In an engaging, deeply reported book, the authors travel to mobility hotspots, from Helsinki to Shanghai, to scout out this future. And they visit the companies putting it together. One, Divergent3d, is devising a system to manufacture cars with robots and 3D printers. PonyAI, a Chinese-Silicon Valley startup, builds autonomous software that perceives potholes, oncoming trucks, and wayward pedestrians, and guides the vehicle around them. Voom, an Airbus subsidiary, is racing with dozens of others to operate fleets of air taxis that fly by themselves.
Hop, Skip, Go is about us: billions of people on the move. Underlying each stage of mobility, from foot to horse to cars and jets, are the mathematics of three fundamental variables: time, space and money.
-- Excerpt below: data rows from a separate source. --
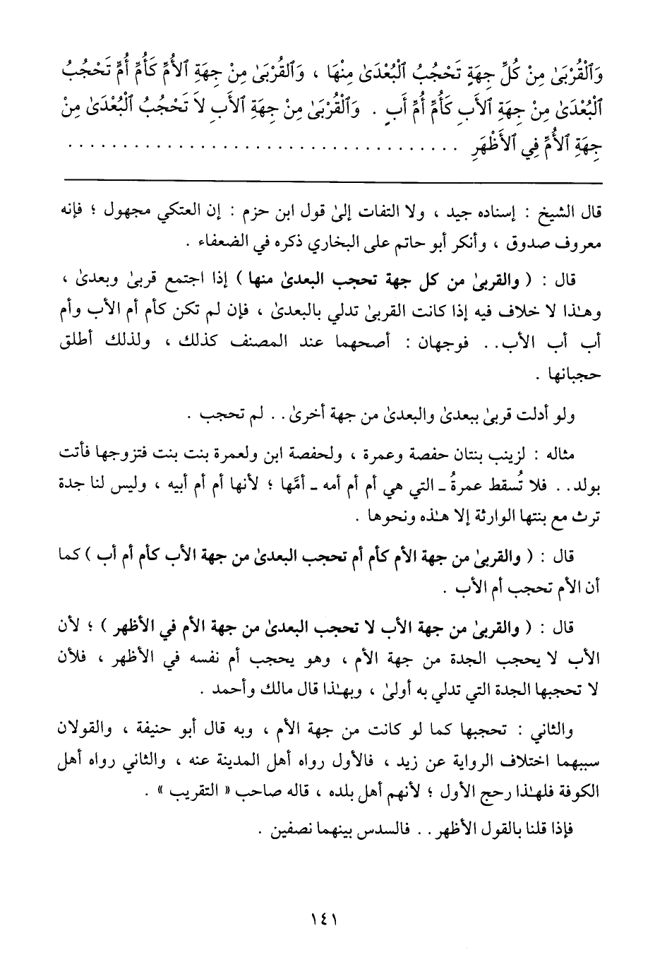 وَالْقُربَى مِنْ كُلِّ جِهَةٍ تَحْجُبُ البُعْدَى مِنهَا، وَالقُرْبَى مِنْ جِهَةِ الأُمِّ كَأُمِّ أُمِّ تَحْجُبُ الْبُعْدَى مِنْ جِهَةِ الأَبِ كَأُمِّ أُمِّ أَبٍ. وَالْقُرْبَى مِنْ جِهَةٍ الأَبِ لاَ تَحْجُبُ الْبُعْدَى مِنْ جِهَةٍ الأُم فِي الأَظْهَرِ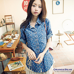 『0612新品 馬卡龍女孩~繽紛圓點點可調袖長版丹寧襯衫』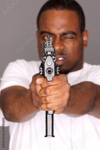 male, man, adult, gang, gangster, criminal, crime, african american, black, gun, weapon, automatic, aim, point, firearm, indoor, inside, studio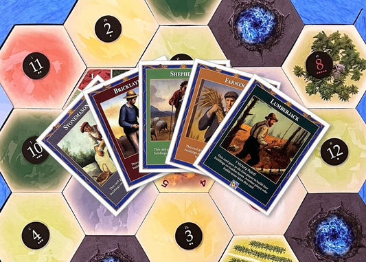 Professions Victory Point Cards, Bricklayer, Stonemason, Farmer, Shepherd, Lumberjack, compatible with Catan's Settlers of Catan 5th Edition, Seafarers and Catan Expansions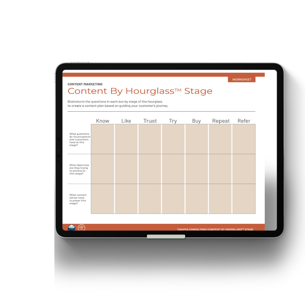 A practical guide to mapping a smarter, more strategic customer journey. The Marketing Hourglass™ helps you organize your marketing around how trust is built, from first impression to loyal advocate. Use this guide to assess what’s working, spot the gaps, and build a growth system that scales. -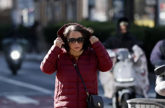 当日,市民风中出行。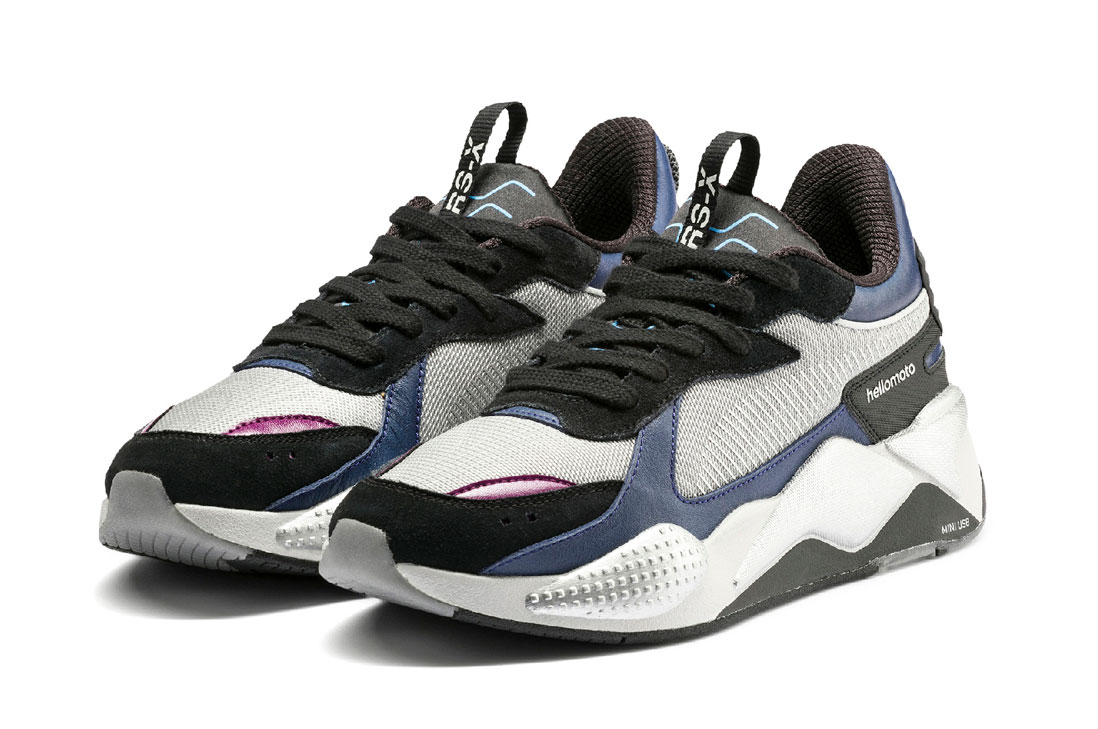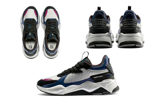 Las zapatillas/tenis RS-X Tech Motorola están inspiradas en los diseños de los teléfonos móviles de Motorola de los años 80, 90 y 2000. Cuentan con una textura en la suela exterior que recuerda al teclado del teléfono móvil, el distintivo «hellomoto» en el lateral y el logo de la “M” sutilmente colocado en la insignia del talón. Creadas para una nueva generación de personas dinámicas, estarán disponibles en los colores futuristas PUMA Silver y Sodalite Blue. Estas zapatillas/tenis forman parte de una línea de prendas que incluirán camisetas y shorts, con los colores típicos de Motorola en los años 80 y gráficos que representan diferentes hitos en la evolución de la comunicación, desde pagers a teléfonos con tapa y teclados QWERTY.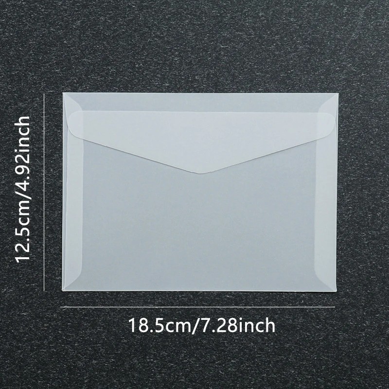 Pagina de start Pagina de start Casă Furnituri de birou Set de 50 de plicuri transparente 18,5 x 12,5 cm hârtie semitransparentă cu clapetă autocolantă plicuri pentru felicitări invitații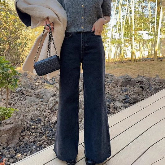 High Rise Fray Wide Leg Jeans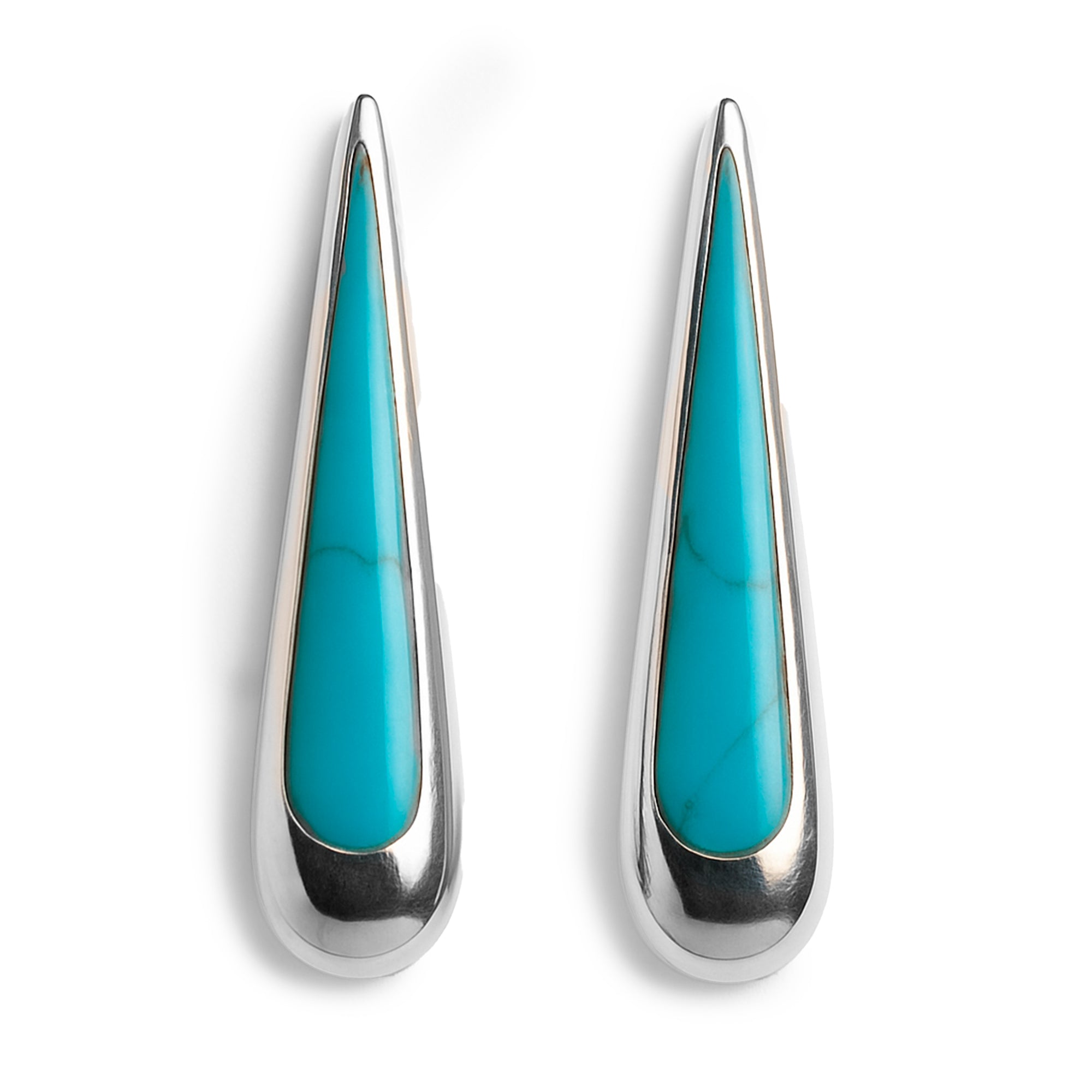 Arete Largo en Forma de Gota con Piedra Plata .925, disponible en turquesa y multicolor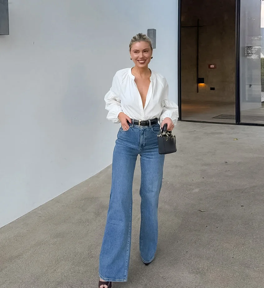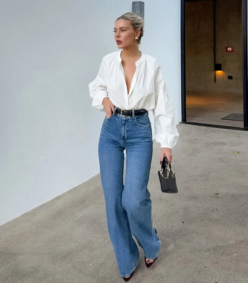 ZYHT 82024 White Blouse with Ruffled Cap Sleeves V-Neck Blouses Et Chemises Pour Femmes White Blouses for Women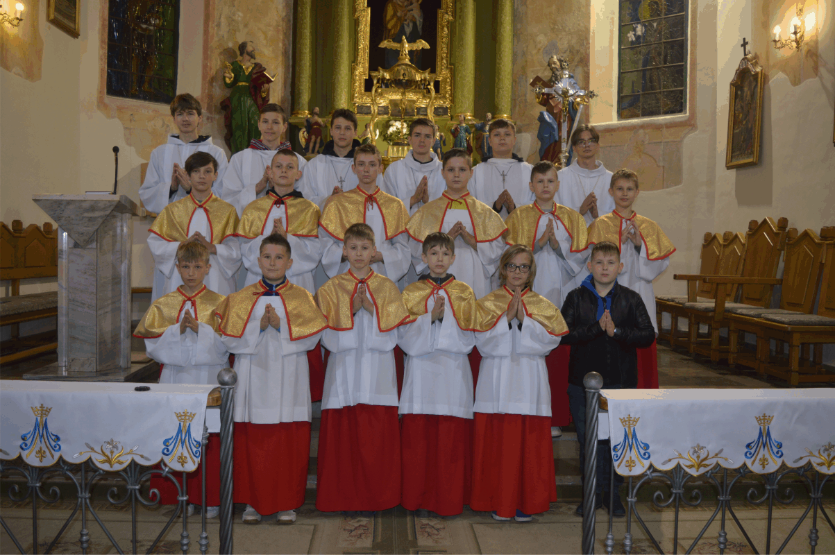W naszej parafii w Liturgicznej Służbie Ołtarza mamy 14 lektorów, a także 13 ministrantów oraz 5 kandydatów.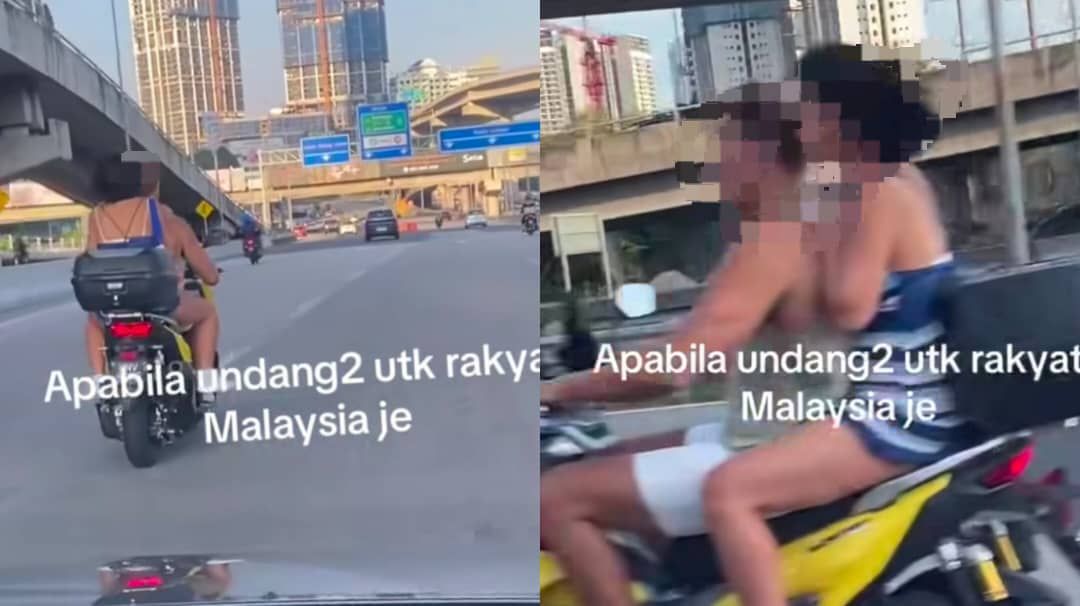 Kedua-duanya pelancong asing tersebut dilihat santai berada di atas jalan raya tanpa memakai topi keledar dalam kejadian yang dipercayai berlaku di Lebuhraya Persekutuan.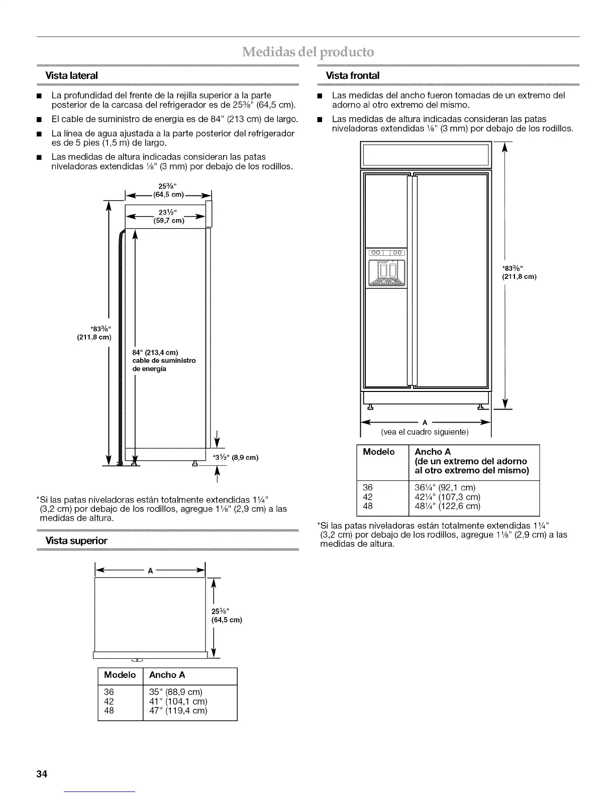 • El cable de suministro de energia es de 84" (213 cm) de largo.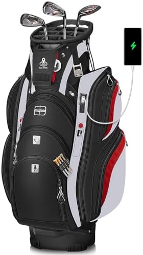 Many Pockets for Golf Accessories: Picture having your golf balls, range finder, tees, gloves, shoes, towel, water, phone, key, pen and umbrella, powerbank, each in its own pockets, organized and ready for use. The intelligently designed pockets provide quick access to everything you need, reducing the stress of searching for golf cart accessories. With everything neatly stored and within easy reach, this cart golf bag with usb charging port is a great golf gift for men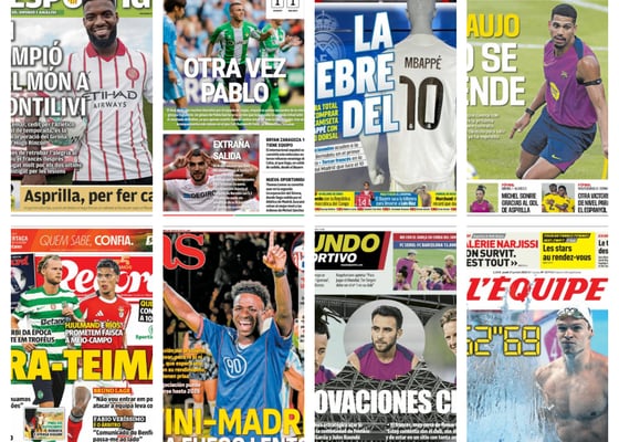 Pablo García, pretenden a Rafa Mir, Mbappé toma el '10', la renovación de Koundé.... Así vienen las portadasAlejandro Luna31/07/2025 08:58Pablo García, pretenden a Rafa Mir, Mbappé toma el '10', la renovación de Koundé.... Así vienen las portadas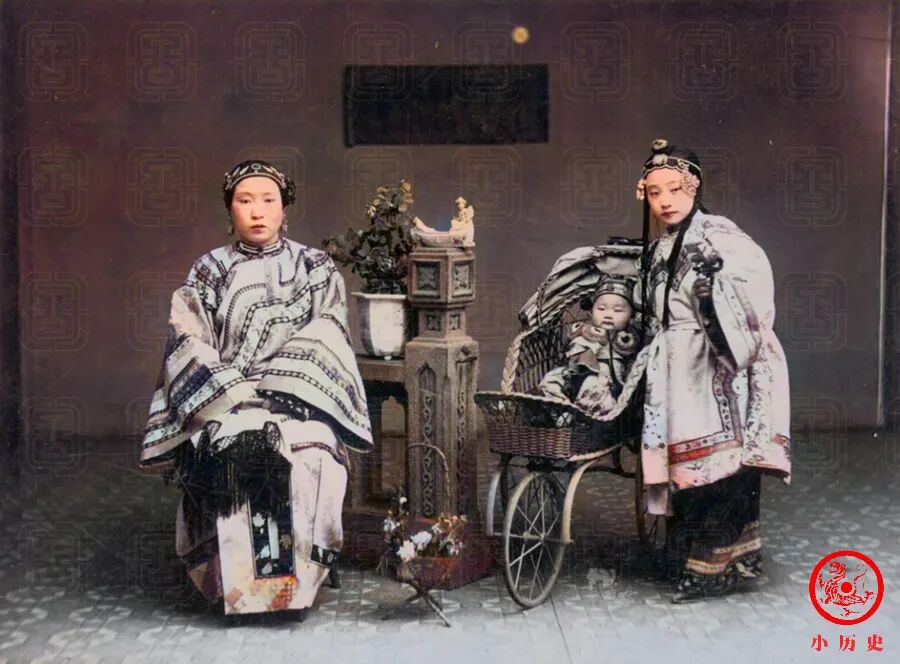 这位母亲穿着漂亮的衣服,带着两个孩子到照相馆拍照。她的幼子尚在襁褓中,躺在婴儿车里。那时候的婴儿车有三个高大的轮子,显得笨重,但它的设计细节很突出,配备了能够轻松拉开和收起的遮阳篷。她的女儿小小年纪,已经缠足,令人痛心。

We measure each trip we take, whether to Kuala Lumpur or the corner drugstore. As the authors make clear, the coming mobility revolution will be no different. As they unveil the future, the authors explore how these changes might revamp our conception of global geography, the hours in our days, and where in the world we might be able to go.
PUBLISHERS WEEKLY
Rossant, founder of the nonprofit NewCities Foundation, and Baker, a former technology journalist, take a fascinating survey of the many disruptions, beyond ridesharing apps, coming for the transportation industry. During "the next stage of human mobility," they predict, innovators will seek to address traffic, waste, and environmental issues, not to mention the countless hours commuters waste in transit. The authors focus on the major cities, such as Los Angeles, Dubai, and Shanghai, where the need for saner traffic is most urgently felt. In addition to famous tech founders and their pet projects Elon Musk's Boring Company tunneling startup and Jeff Bezos's Amazon delivery drones Rossant and Baker check in on 3D-printed cars in the L.A. suburb of Torrance, bikes crafted out of repurposed industrial machinery in Vancouver, and navigation AIs in Shanghai. They also speak to Sonja Heikkil , who developed the transportation app MaaS (mobility as a service) in an attempt to solve Helsinki's pressing transit problems. Looking ahead to a future in which owning a car might be as anachronistic as playing music on a CD player, Rossant and Baker's study convincingly forecasts how new technologies might "change our cities, our economies, and the fabric of our lives."